Problem: The records below must be output exactly, without pictures.

....

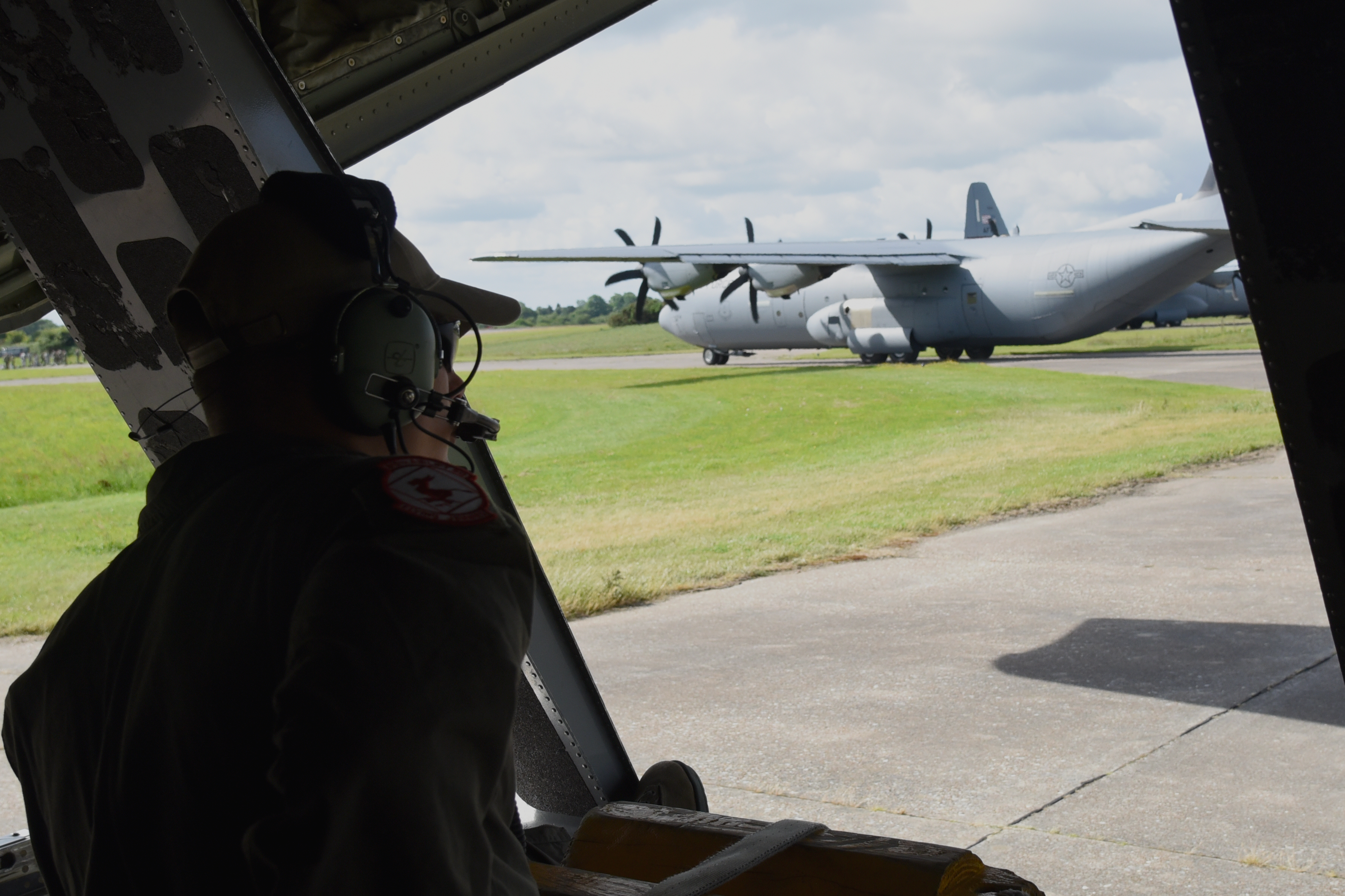 Senior Airman Shane Hague, loadmaster with the 815th Airlift Squadron, prepares to guide pilots as they back out of their parking spot before taking part in a paratroop drop over Normandy, France. This event commemorates the 73rd anniversary of D-Day, the largest multi-national amphibious landing and operational military airdrop in history, and highlights the U.S.' steadfast commitment to European allies and partners. Overall, approximately 400 U.S. service members from units in Europe and the U.S. are participating in ceremonial D-Day events from May 31 to June 7, 2017(U.S. Air Force photo by Staff Sgt. Nicholas Monteleone)
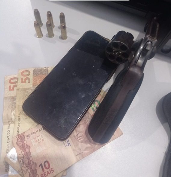 Durante a ação, os policiais constataram que o suspeito estava na posse de uma arma de fogo, um revólver calibre .38, municiado com seis cartuchos intactos, o que resultou também em sua autuação em flagrante pelo crime de posse ilegal de arma de fogo.
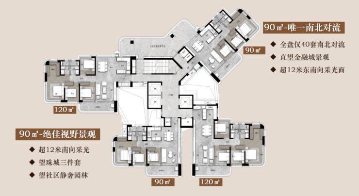 设计好处是既保证了通风、采光,还保障了侧向江景和珠城景观的最大化。
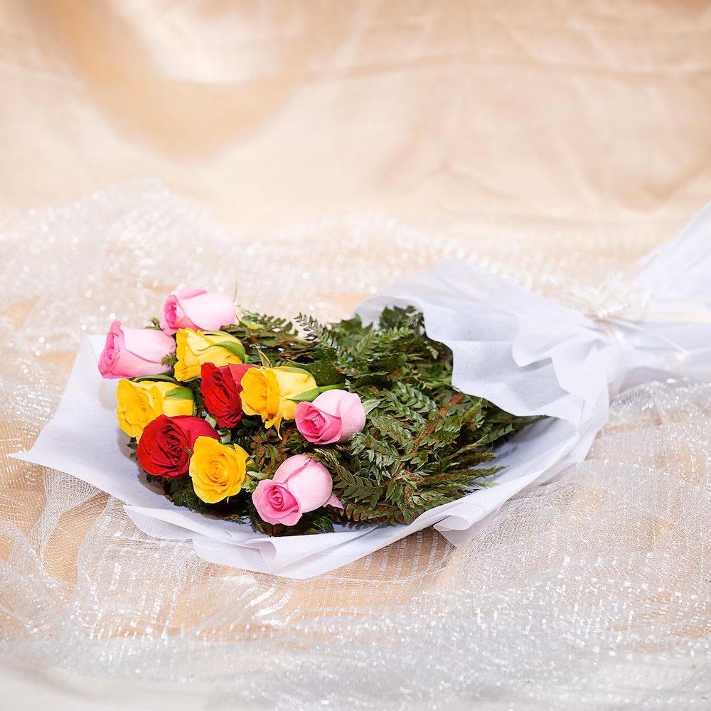 - Flowers Contains: 4 Pink Roses , 4 Yellow Roses , 2 Red Roses
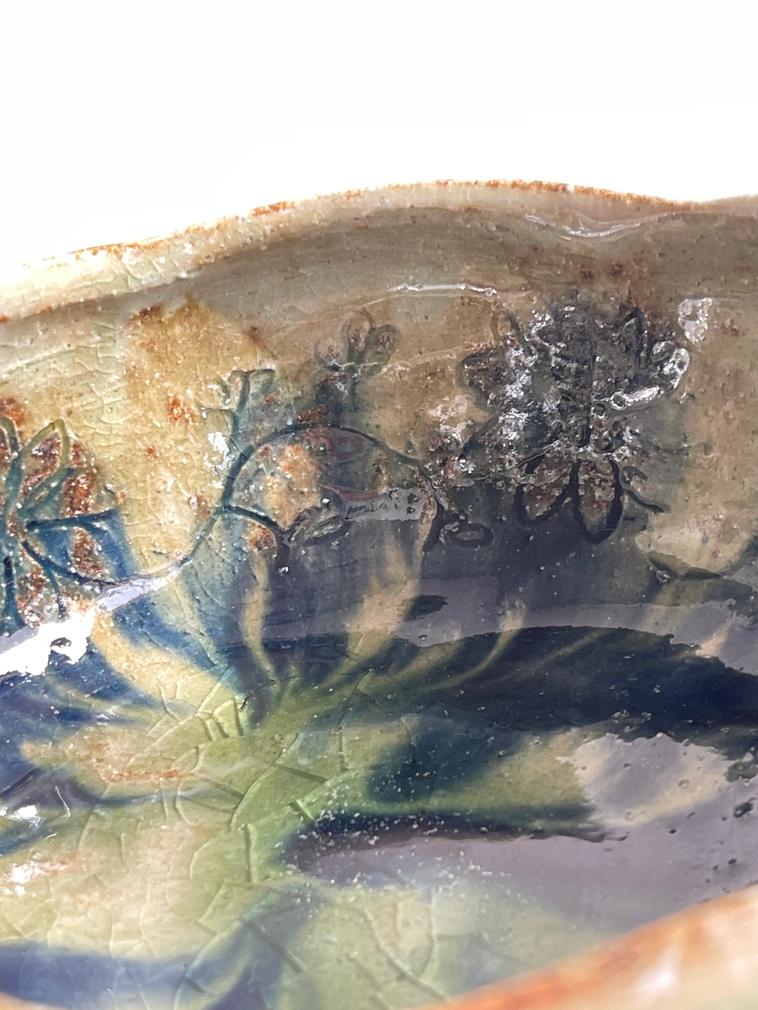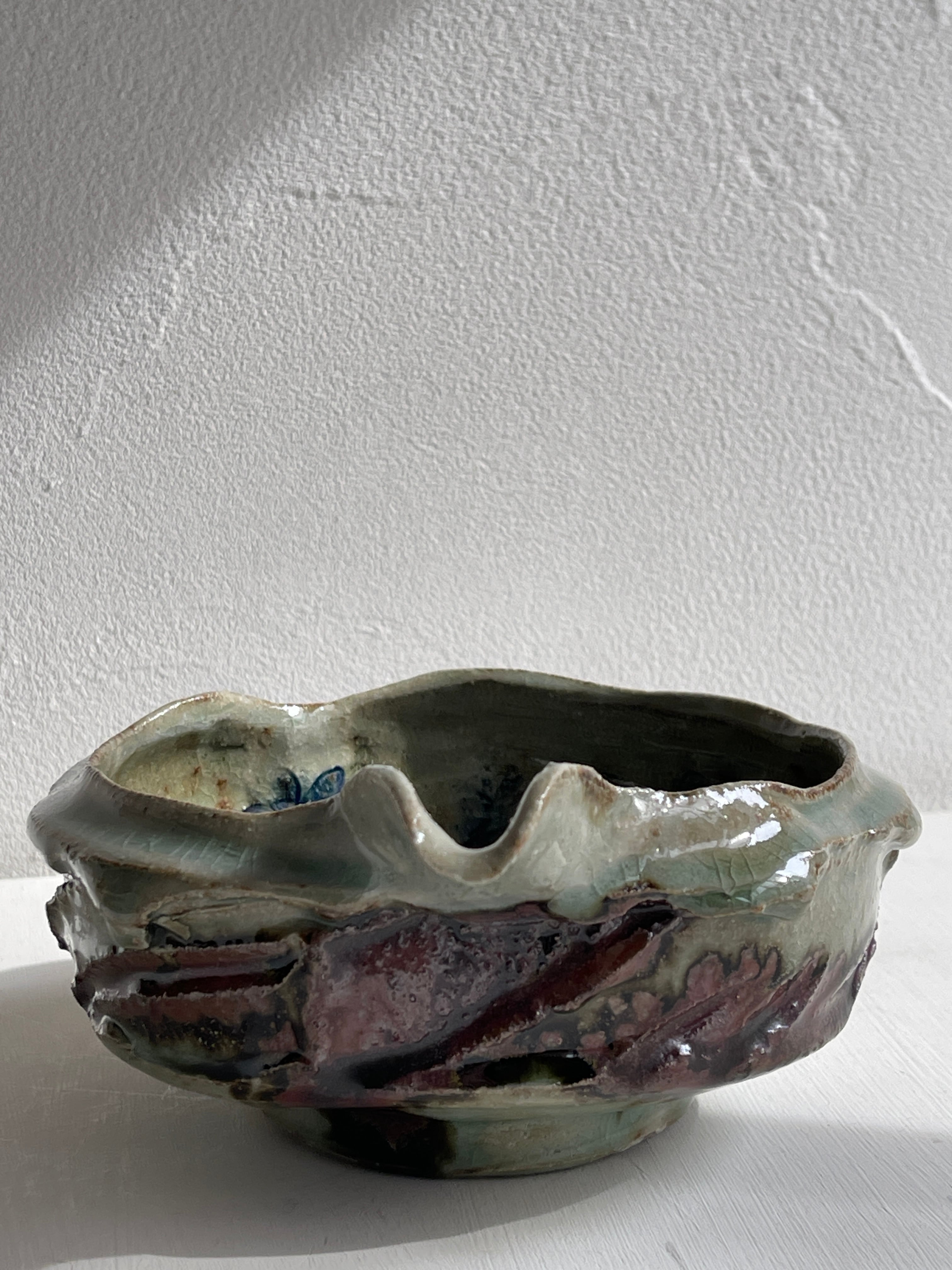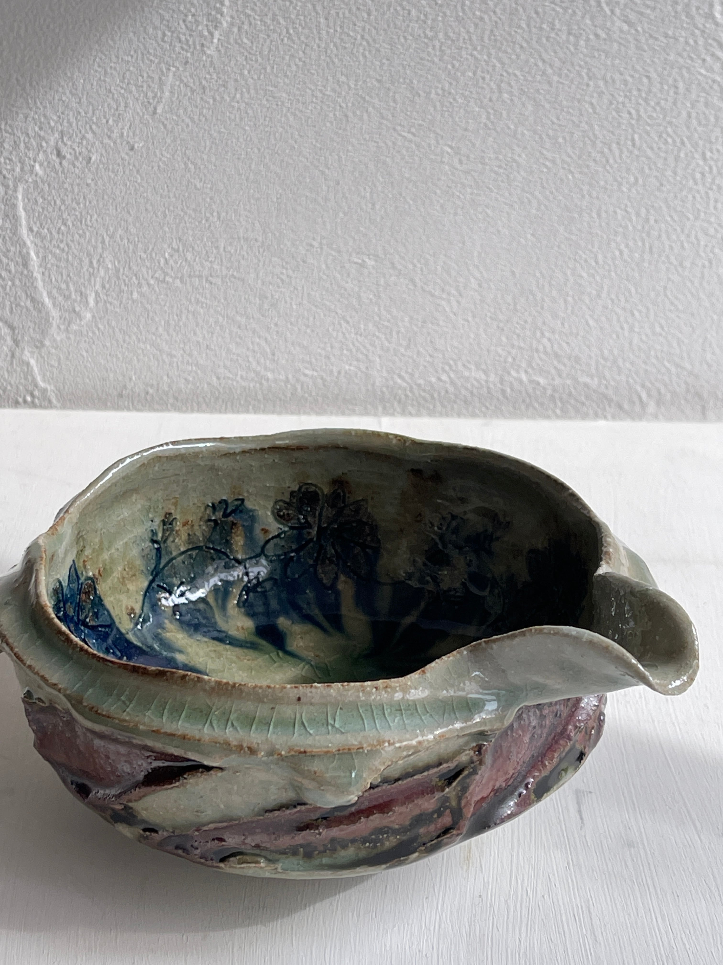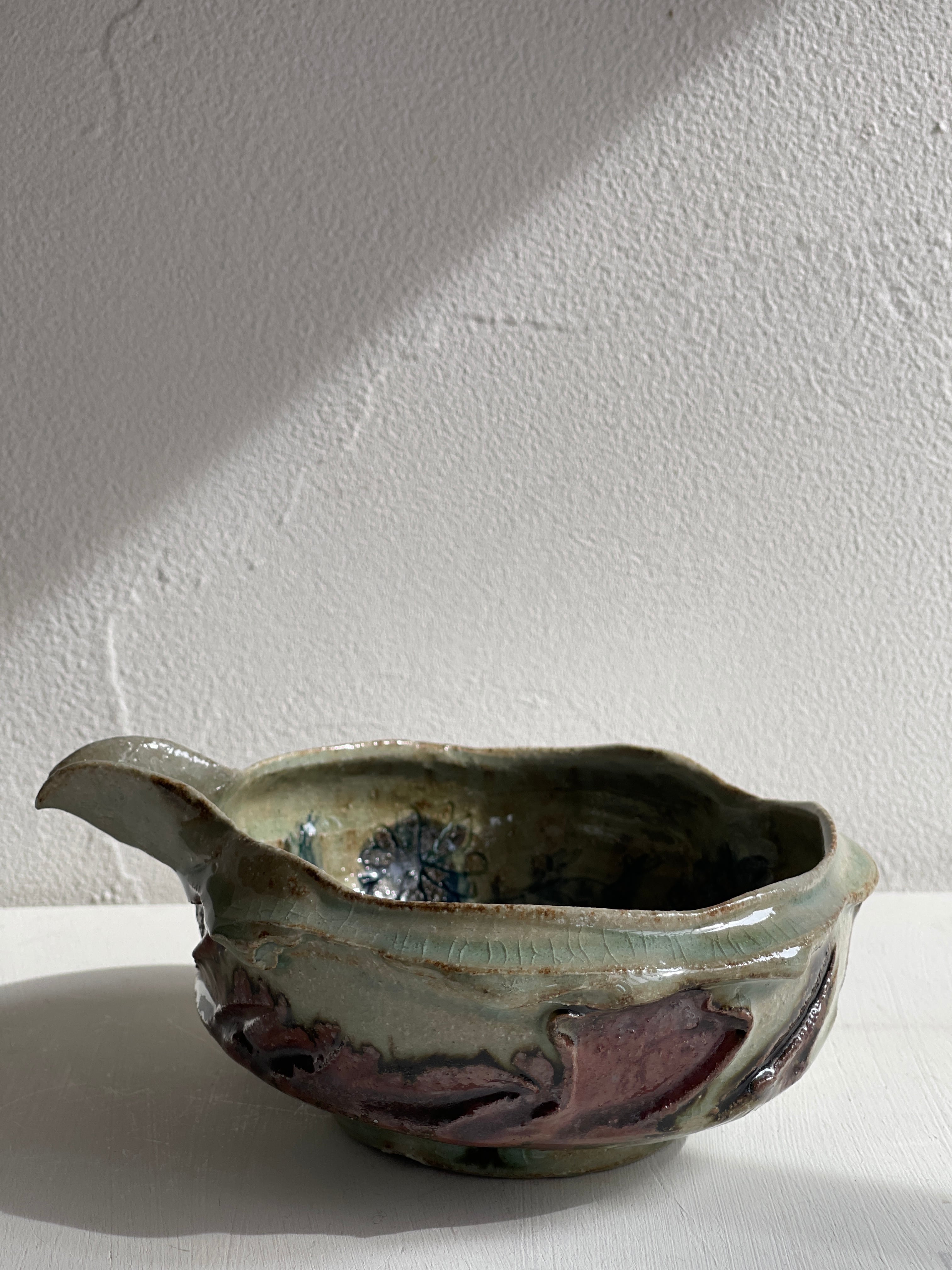 外側は淡い緑と茶色の釉薬で、内側は青いお花の絵。うねりのような力強さがある片口鉢です。お惣菜をもったり、お酒を入れたり、水割り用の氷をいれても。お花を生けると道端の小さな草花でも、かっこよく様になる器。
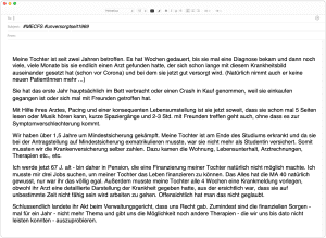 Die Familie von Alexandra, 23, bastelte ein lebensgroßes Plakat. Es zeigte die junge Frau vor der Erkrankung und jetzt. Neben den schweren Symptomen war auch aufgelistet, was sie seit ihrer ME/CFS-Erkrankung nicht mehr kann. Darunter: “Längeres Gespräch als 30 Minuten”, “Arbeiten gehen bzw. studieren” oder “Alleine Haare waschen und föhnen”.
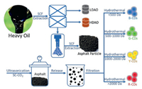Petroleum plays a crucial role in global economics and is served as the major energy sources. The oil consumption accounts for about 34% of the world's total fuel consumption in 2016 and 2017, and the Brent spot crude price is 54.19 $ per barrel in 2017 [1]. The depletion in the world's supply of light crude oil and the oil supply shifting to heavy crudes have made these heavy crude oils became important feedstocks [2]. The world heavy oil resource is comprised of about 210 billion barrels of unproved reserves and 299 billion barrels of original reserves [3]. Heavy crudes have poor properties and are more difficult to be processed through conventional technologies such as catalytic cracking, hydrocracking [4-8]. The selective utilization of heavy oil fraction through a prior solvent separation process is widely concerned in refining industry, including solvent deasphalting (SDA) [7-9], the supercritical fluid extraction (SFE) [10, 11] and selective asphaltene extraction (SELEX-Asp) process [12] developed by our research group. Although the processability of extracted fractions were significantly increased, SDA produces a large amount of low value-added de-oil asphalt (DOA), which can be produced in the form of solid particles through granulation [13]. Asphalt consists of larger molecules with high aromaticity and abundant heteroatom (nitrogen, oxygen, and sulfur) [14] and metal (notably nickel and vanadium) contents. The chemical characteristics lead to many upgrading problems such as high yields of coke and catalyst poisoning during processing [7, 15, 16]. It is therefore to seen that high-valued processing and utilization of asphalt are still an important problem facing the petrochemical industry.
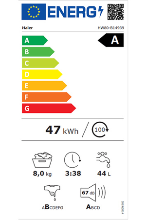 La machine à laver Haier HW80-B14939-FR de couleur blanche est doté d'une capacité de 8 kg, de 15 programmes et d'un moteur Direct Motion.

....

Response below:
 Senior Airman Shane Hague, loadmaster with the 815th Airlift Squadron, prepares to guide pilots as they back out of their parking spot before taking part in a paratroop drop over Normandy, France. This event commemorates the 73rd anniversary of D-Day, the largest multi-national amphibious landing and operational military airdrop in history, and highlights the U.S.' steadfast commitment to European allies and partners. Overall, approximately 400 U.S. service members from units in Europe and the U.S. are participating in ceremonial D-Day events from May 31 to June 7, 2017(U.S. Air Force photo by Staff Sgt. Nicholas Monteleone)
 Durante a ação, os policiais constataram que o suspeito estava na posse de uma arma de fogo, um revólver calibre .38, municiado com seis cartuchos intactos, o que resultou também em sua autuação em flagrante pelo crime de posse ilegal de arma de fogo.
 设计好处是既保证了通风、采光,还保障了侧向江景和珠城景观的最大化。
 - Flowers Contains: 4 Pink Roses , 4 Yellow Roses , 2 Red Roses
 外側は淡い緑と茶色の釉薬で、内側は青いお花の絵。うねりのような力強さがある片口鉢です。お惣菜をもったり、お酒を入れたり、水割り用の氷をいれても。お花を生けると道端の小さな草花でも、かっこよく様になる器。
 Die Familie von Alexandra, 23, bastelte ein lebensgroßes Plakat. Es zeigte die junge Frau vor der Erkrankung und jetzt. Neben den schweren Symptomen war auch aufgelistet, was sie seit ihrer ME/CFS-Erkrankung nicht mehr kann. Darunter: “Längeres Gespräch als 30 Minuten”, “Arbeiten gehen bzw. studieren” oder “Alleine Haare waschen und föhnen”.
Petroleum plays a crucial role in global economics and is served as the major energy sources. The oil consumption accounts for about 34% of the world's total fuel consumption in 2016 and 2017, and the Brent spot crude price is 54.19 $ per barrel in 2017 [1]. The depletion in the world's supply of light crude oil and the oil supply shifting to heavy crudes have made these heavy crude oils became important feedstocks [2]. The world heavy oil resource is comprised of about 210 billion barrels of unproved reserves and 299 billion barrels of original reserves [3]. Heavy crudes have poor properties and are more difficult to be processed through conventional technologies such as catalytic cracking, hydrocracking [4-8]. The selective utilization of heavy oil fraction through a prior solvent separation process is widely concerned in refining industry, including solvent deasphalting (SDA) [7-9], the supercritical fluid extraction (SFE) [10, 11] and selective asphaltene extraction (SELEX-Asp) process [12] developed by our research group. Although the processability of extracted fractions were significantly increased, SDA produces a large amount of low value-added de-oil asphalt (DOA), which can be produced in the form of solid particles through granulation [13]. Asphalt consists of larger molecules with high aromaticity and abundant heteroatom (nitrogen, oxygen, and sulfur) [14] and metal (notably nickel and vanadium) contents. The chemical characteristics lead to many upgrading problems such as high yields of coke and catalyst poisoning during processing [7, 15, 16]. It is therefore to seen that high-valued processing and utilization of asphalt are still an important problem facing the petrochemical industry.
 La machine à laver Haier HW80-B14939-FR de couleur blanche est doté d'une capacité de 8 kg, de 15 programmes et d'un moteur Direct Motion.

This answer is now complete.